Scientists love to speculate about the direction research and technology will take us, and editor John Brockman has given a stellar panel free rein to imagine the future in The Next Fifty Years. From brain-swapping and the hunt for extraterrestrials to the genetic elimination of unhappiness and a new scientific morality, the ideas in this book are wild and thought-provoking. The list of scientists and thinkers who participate is impressive: Lee Smolin and Martin Rees on cosmology; Ian Stewart on mathematics; and Richard Dawkins and Paul Davies on the life sciences, just to name a few. Many of the authors remind readers that science has changed a lot since the blind optimism of the early 20th century, and they are unanimously aware of the potential consequences of the developments they describe. Fifty years is a long time in the information age, and these essays do a credible and entertaining job of guessing where we're going. --Therese Littleton

From Publishers Weekly

Agent Brockman has collected 25 of his writers to discuss the future of science in their respective fields of study.
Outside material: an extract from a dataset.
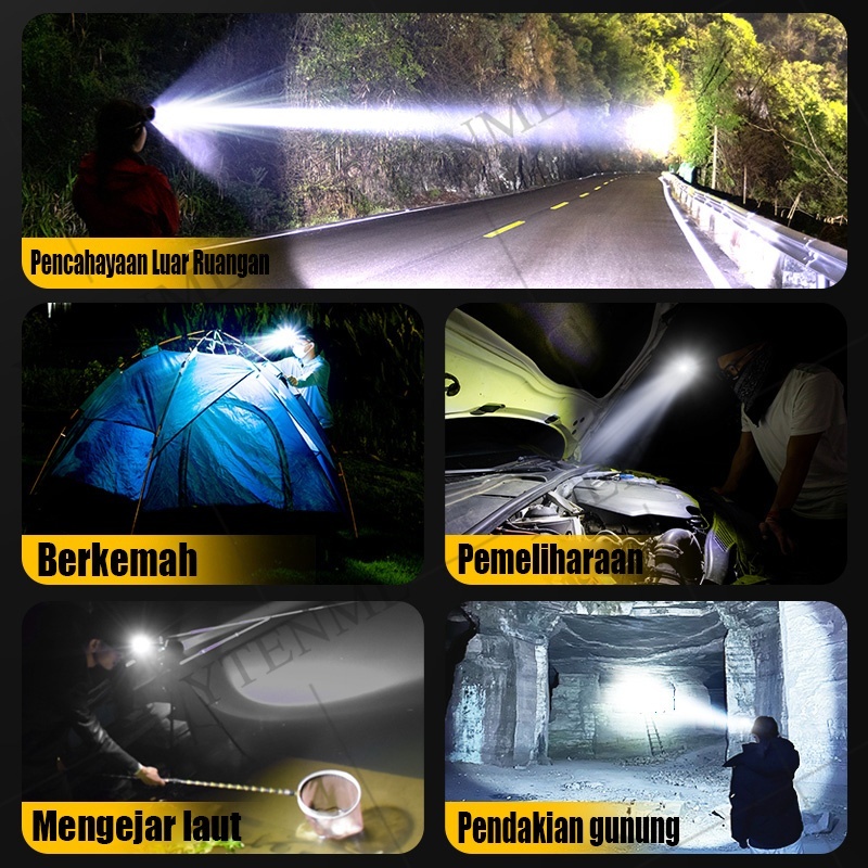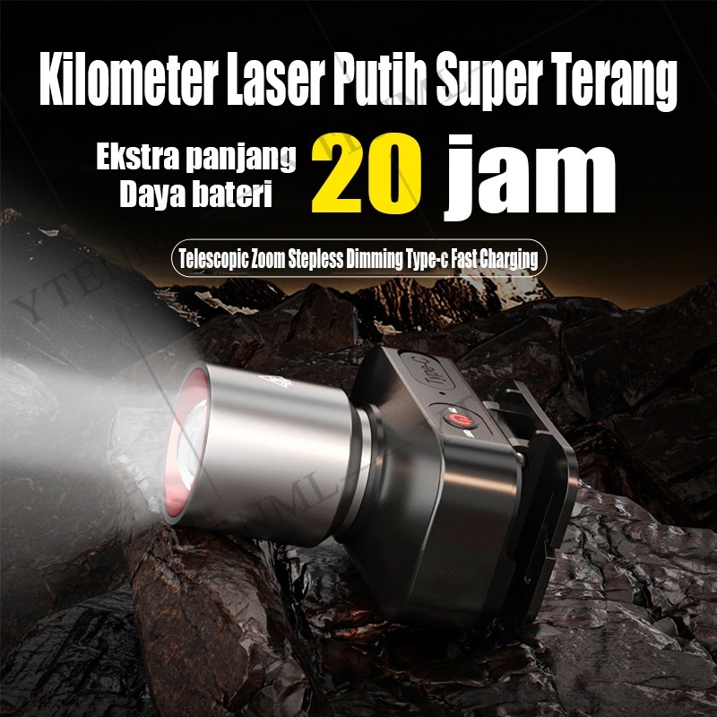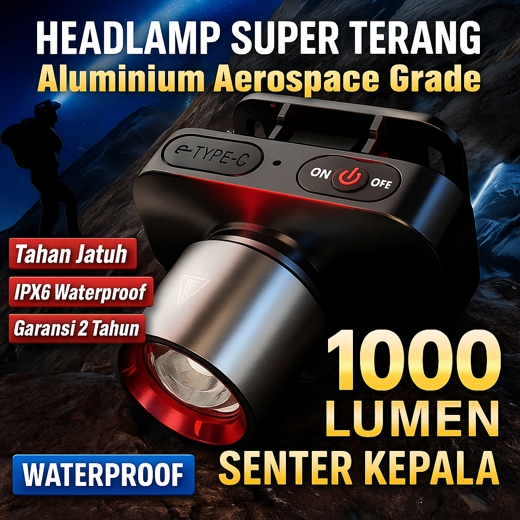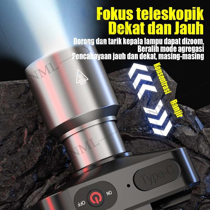 Senter Kepala LED Rechargeable 3000mAh | Zoomable | 3 Mode Cahaya | Type-C | Tahan 30 Jam | Waterproof

Several of these writers surpass ordinary trend spotting to entertain some rather pulse-quickening ideas completely beyond the kin of the so-called dominant paradigm. And some are of a magnitude to radically advance the nature of humans' interaction with each other, the planet and beyond. The neurologist Robert Sapolsky, for example, posits that sadness will take its place alongside AIDS and Alzheimer's as the most notorious medical disasters of the next half-century. Brockman, who is also an author-editor (The Third Culture; The Greatest Inventions of the Past 2,000 Years, etc.), divides his collection into two parts: the future in theory and the future in practice. Theoretical topics include cosmology, what it means to be alive, the nature of consciousness and the possibility of extraterrestrial intelligence. Mars exploration, DNA sequencing, neuroscience, child rearing and the like are addressed in the practical half. These essays can be quite technical, intended as they are to make the latest scientific information available for cross-disciplinary research. The intellectual adventures collected here point to a future that is dazzlingly bright, at least to the eyes of these unorthodox thinkers. The general public, for whom these essays are also written, should be similarly bedazzled.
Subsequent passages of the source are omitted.